Em suma, precisamos de uma transformação radical do atual sistema econômico neoliberal:
• Não mais tratando o meio ambiente, oceanos e a atmosfera como se fossem sumidouros ilimitados para poluição e Gases de Efeito Estufa (GEE).
• Regulamentando mercados financeiros para que eles não sejam mais um cassino de especulações, mas atendam as necessidades da economia real.
• Fortalecendo o investimento público e o bem-estar social ao não tolerar um sistema de evasão e escape de impostos por corporações multinacionais e indivíduos super-ricos, incentivando políticas fiscais progressivas.
• Implementando rapidamente o Acordo de Paris por ambiciosas estratégias climáticas de longo prazo, eliminando os subsídios aos combustíveis fósseis, estabelecendo sinais efetivos e justos de precificação do carbono, deslocando os fluxos financeiros para promover a transformação e a resiliência, além de cumprir as promessas de acelerar o financiamento climático.
• Reformando os acordos comerciais para que facilitem o comércio justo de bens e serviços, beneficiando os muitos em vez dos poucos, garantir os direitos de propriedade intelectual.
• Finalizando a imposição de políticas de austeridade e encorajando os orçamentos públicos que promovam o desenvolvimento, a erradicação da pobreza e a justiça social.
• Regulamentando os mercados de trabalho de forma a garantir o direito do trabalhador ao trabalho decente e ao salário digno.
Exortamos, portanto, os líderes do G20 a tomar medidas ousadas para reestruturar fundamentalmente o sistema financeiro e econômico global atual para que ele respeite os direitos humanos e sirva as pessoas e o Planeta.
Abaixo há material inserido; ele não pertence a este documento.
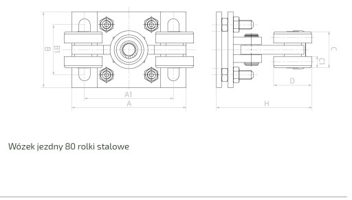 Pakiet wózków 80x80x5 do bramy przesuwnej, 5-rolkowy, rolki stalowe + ŻYWICA NIEMIECKA SCELL 300ml z mieszaczem
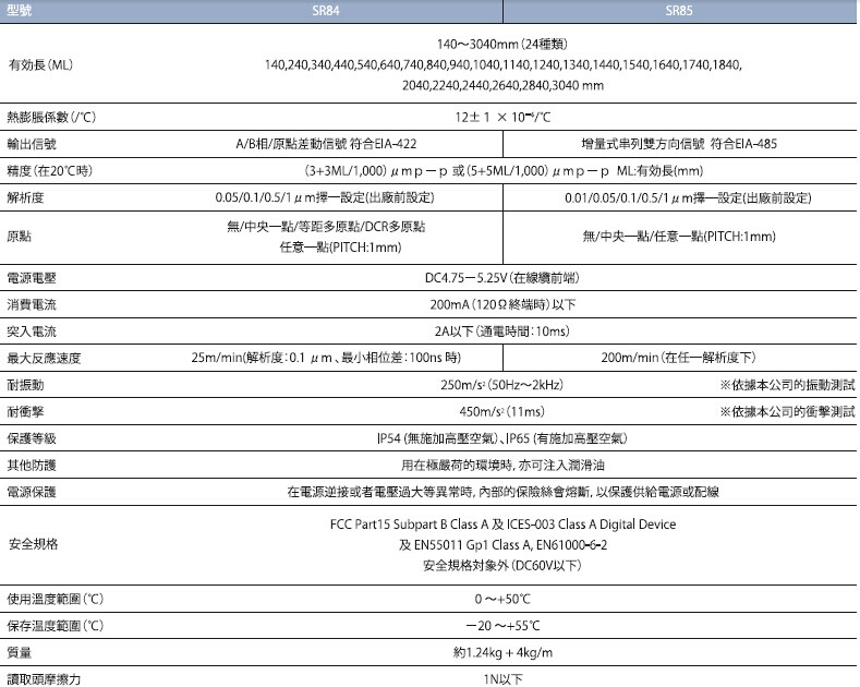 產(chǎn)品介紹簡單介紹: 多原點絕對式磁尺SR84/SR85:適合需要高精度定位工作機械的高剛性中型磁性尺,輸出信號為A/B相/原點差動信號(符合EIA-422)及增量式串列雙方向信號(符合EIA-485);適用工控系統(tǒng):FANUC、三菱電機、松下 產(chǎn)品特性: 高剛性多原點絕對式磁尺SR84/SR85:適合需要高精度定位工作機械的高剛性中型磁性尺,輸出信號為A/B相/原點差動信號(符合EIA-422)及絕對式串列雙方向信號(符合EIA-485);精度±(1.5+1.5L/1000)μm,測量長度:140-3040mm,分辨率0.01μm,響應(yīng)速度200m/min,讀數(shù)頭摩擦力1N以下。適用工控系統(tǒng):FANUC、三菱電機、松下。
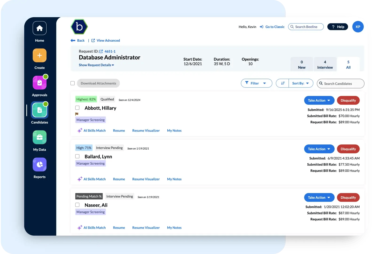 Achieve measurable efficiency, compliance, and cost control while gaining the agility to scale and compete in today’s fast-changing talent landscape. With Beeline Contingent Staffing, you’ll transform contingent workforce management from a reactive process into a proactive, strategic advantage.
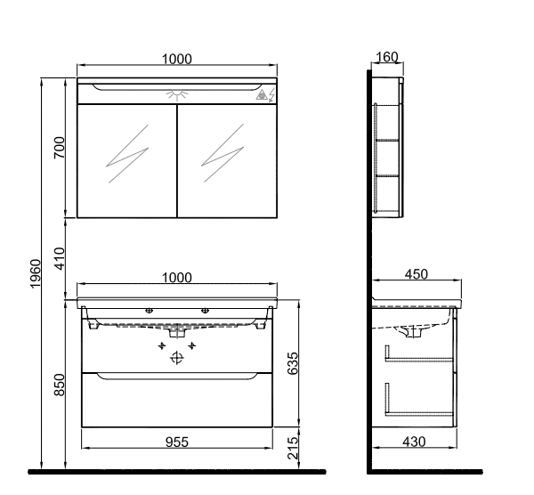 Kale Casilla 100 Cm Set (Idea 2.0 Lavabo + Lavabo Dolabı + Ayna Dolabı) Satin Gri Rengi:Satin Gri Gövde: MDF
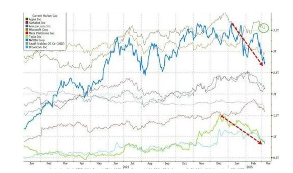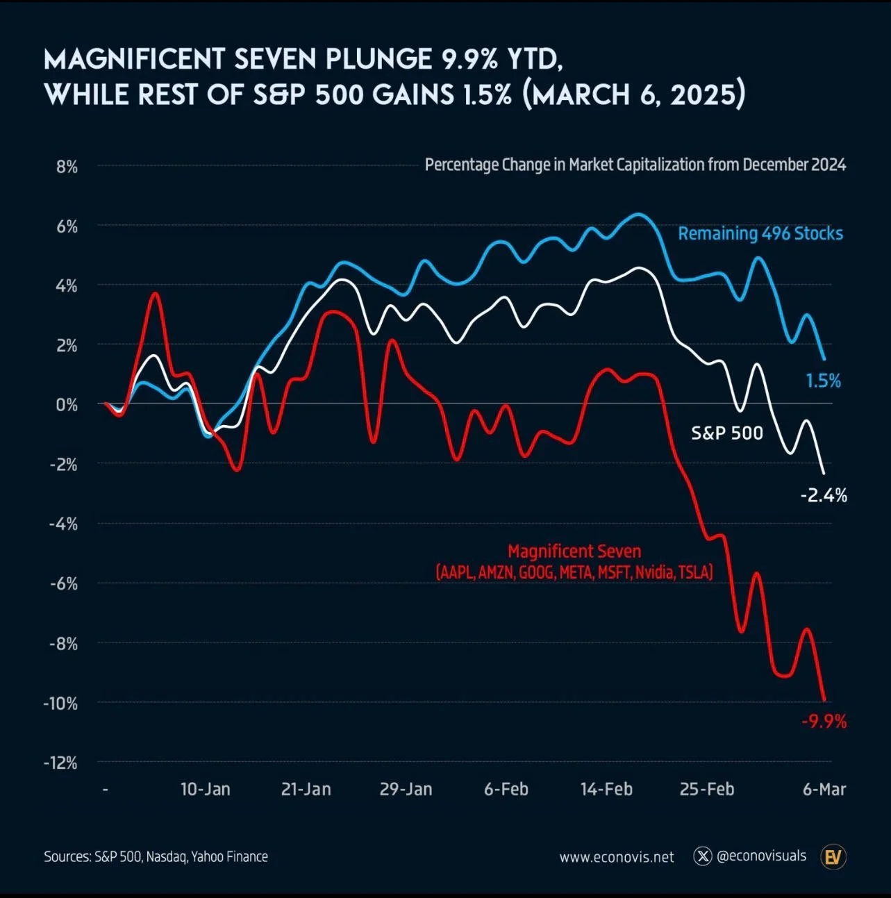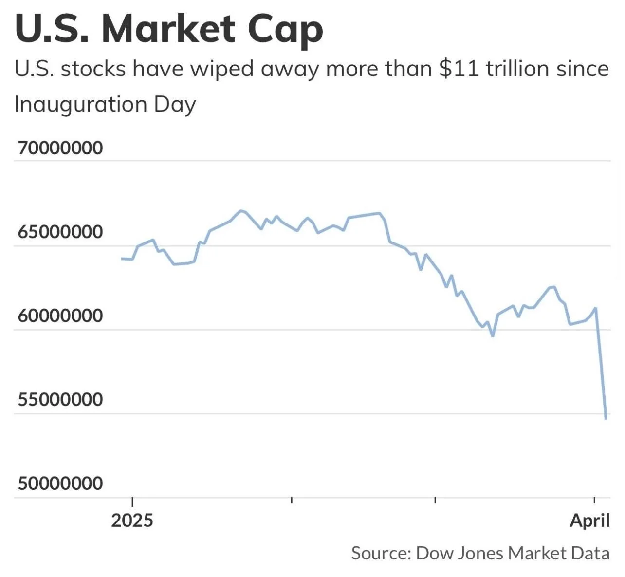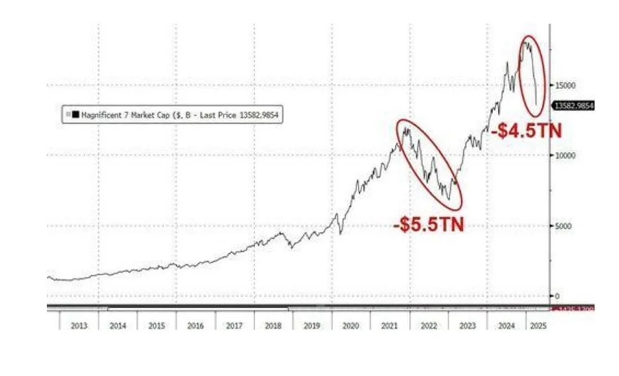 Following an aggressive tariff announcement on Wednesday—and subsequent retaliatory tariffs from China on Thursday—a sharp selloff in equities ensued. Over the span of two days, more than $5.4 trillion was erased from the U.S. stock market, bringing total losses since Inauguration Day to $11 trillion. Notably, the Mag 7 lost $1.8 trillion in market cap during this period.

Hamburgo, 19 de junho de 2017

O que é Civil 20

O G20 civil é uma reunião para o diálogo político entre os líderes políticos dos países do G20 e representantes de organizações da sociedade civil que trabalham nas questões relacionadas à agenda da Cúpula do G20. O objetivo da reunião civil do G20 é facilitar o intercâmbio de ideias e opiniões sobre a agenda da Cúpula do G20 e discutir questões pertinentes que sejam relevantes para a sociedade civil com vistas a contribuir de forma substancial para a formulação de políticas com base na avaliação da sociedade civil da Agenda principal da Cúpula do G20. As deliberações da sociedade civil do G20 remontam à Cúpula de Toronto em Junho de 2010. No entanto, como processo estruturado o Civil 20 foi estabelecido pela primeira vez durante a presidência russa do G20 em 2013.
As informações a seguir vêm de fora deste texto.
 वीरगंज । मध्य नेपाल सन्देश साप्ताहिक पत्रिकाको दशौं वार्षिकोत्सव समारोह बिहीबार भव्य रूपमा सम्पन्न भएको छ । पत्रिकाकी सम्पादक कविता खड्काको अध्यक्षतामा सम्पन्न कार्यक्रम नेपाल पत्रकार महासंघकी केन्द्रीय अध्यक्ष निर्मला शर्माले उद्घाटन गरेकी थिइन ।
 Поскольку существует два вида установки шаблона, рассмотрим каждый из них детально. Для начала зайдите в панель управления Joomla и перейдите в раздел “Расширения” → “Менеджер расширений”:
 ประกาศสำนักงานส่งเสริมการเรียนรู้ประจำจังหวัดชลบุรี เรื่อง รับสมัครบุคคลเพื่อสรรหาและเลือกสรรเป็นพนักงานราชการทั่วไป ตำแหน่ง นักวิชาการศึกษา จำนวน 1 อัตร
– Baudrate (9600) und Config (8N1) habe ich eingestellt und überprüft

Ao longo dos últimos meses, representantes de mais de 150 organizações de mais de 50 países trabalharam no Civil 20 em seis grupos de trabalho. A Cúpula do C20 de 18 a 19 de Junho de 2017 foi o destaque do C20 deste ano. Durante o primeiro dia, 300 participantes discutiram o tipo de globalização que a sociedade civil quer em uma série de painéis e workshops. No segundo dia, representantes da política, organizações internacionais e sociedade em geral discutiram as recomendações políticas da C20. entre eles a chanceler alemã, Angela Merkel.